Behavioral pharmacology has established subjective response to alcohol as a reliable, multi-faceted phenotype serving as a central bio-behavioral marker of positive and negative reinforcement from alcohol . Individual variability in alcohol’s acute subjective effects, specifically greater stimulation and reward and lower sedation, predict liability for AUD, including escalation of alcohol use and AUD symptomatology . Positive mood, negative mood, and craving are acutely modulated by alcohol use, such that individuals typically experience an increase in positive mood and craving and decrease in negative mood along rising breath alcohol concentrations , serving as reinforcers of alcohol intake . Thus, researchers routinely assess whether pharmacotherapies can effectively modulate subjective response to alcohol through experimental human laboratory paradigms . Importantly, a recent meta-analysis has shown that medication effects on subjective responses to alcohol in the laboratory predict their efficacy in clinical trials for AUD . In an initial safety and efficacy trial, our laboratory used an intravenous alcohol administration paradigm to test whether the novel pharmacotherapy, ibudilast, modulated subjective response in a clinical sample of AUD . While ibudilast did not significantly alter subjective response, subjective effects of mood were dependent on participant’s degree of depression symptomatology. Novel designs testing alcohol’s subjective effects are emerging, such as daily diary methods and ecological momentary assessment in which participants report on their drinking experiences in real-world settings . For instance, using EMA in an RCT that enrolled adolescents with problematic drinking, Miranda Jr. et al. found that naltrexone attenuated alcohol-induced increases in stimulation and enhanced alcohol-induced sedation, as compared to placebo.

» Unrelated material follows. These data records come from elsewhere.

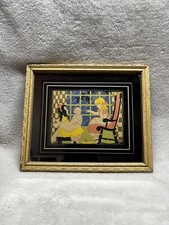 Vintage Art Of 2 Girls Sewing Wooden Frame And Glass Mirror 6.5”x5.5” antique
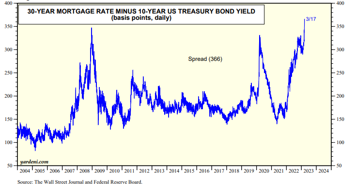 At the start of last year, "Feddie" announced plans to exist the mortgage lending business by letting its huge holdings of mortgage-backed securities roll off as they matured and possibly even sell them outright. As a result, the spread between the 30-year mortgage rate and the 10-year Treasury bond yield more than doubled from 150bps to 320bps (chart). The spread jumped to 366bps at the end of last week exceeding the peak of the Great Financial Crisis.
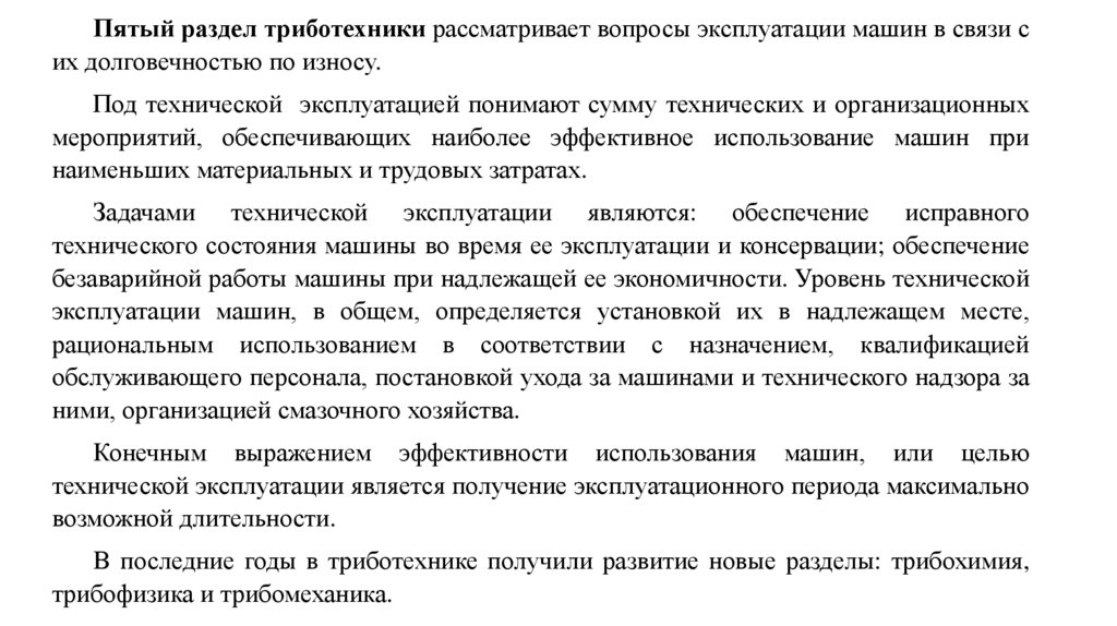 долговечности трущихся деталей; 5 – вопросы эксплуатации машин в

These naturalistic reports are consistent with findings on naltrexone’s subjective effects in human laboratory settings . Although less temporally precise than EMA, daily diary methods, which typically include data collection once daily, have lower participant burden and can enhance compliance. While assessment of medication effects on acute subjective response to alcohol via daily diary assessments is limited, past work has utilized these designs to assess daily relationships among urge, mood, and drinking . In a trial of naltrexone for heavy drinking among young adults, morning DDAs revealed that higher daily urge was associated with a greater likelihood of taking the medication, which in return, predicted a lower likelihood of same-day intoxication among the treatment group . The current study consists of a secondary analysis of a two-week experimental medication RCT of ibudilast, which demonstrated treatmentrelated reductions in rates of heavy drinking, as reported through daily diary methods, and reduced neural alcohol cue-reactivity . This study seeks to further test ibudilast’s effects on subjective response to alcohol in the natural environment via DDA. When comparing participant report of drink quantity between these two methods , estimates of alcohol consumption are largely consistent, such that 75% of reports fell within 1 standard drink . Similarly, research from affective science suggests that DDA versus EMA do not meaningfully alter estimates of emotion variability in the real-world nor their associations with health outcomes . In sum, micro-longitudinal, naturalistic daily reporting is a valuable and highly complementary method to clinical trials, as they can increase power and ecological validity, reduce recall error, and result in more cost-effective RCTs . Despite a mounting body of work connecting the immune system with the development and maintenance of AUD and the important implications for the development of these novel therapeutics , few RCTs have tested immunotherapies in the context of AUD to date.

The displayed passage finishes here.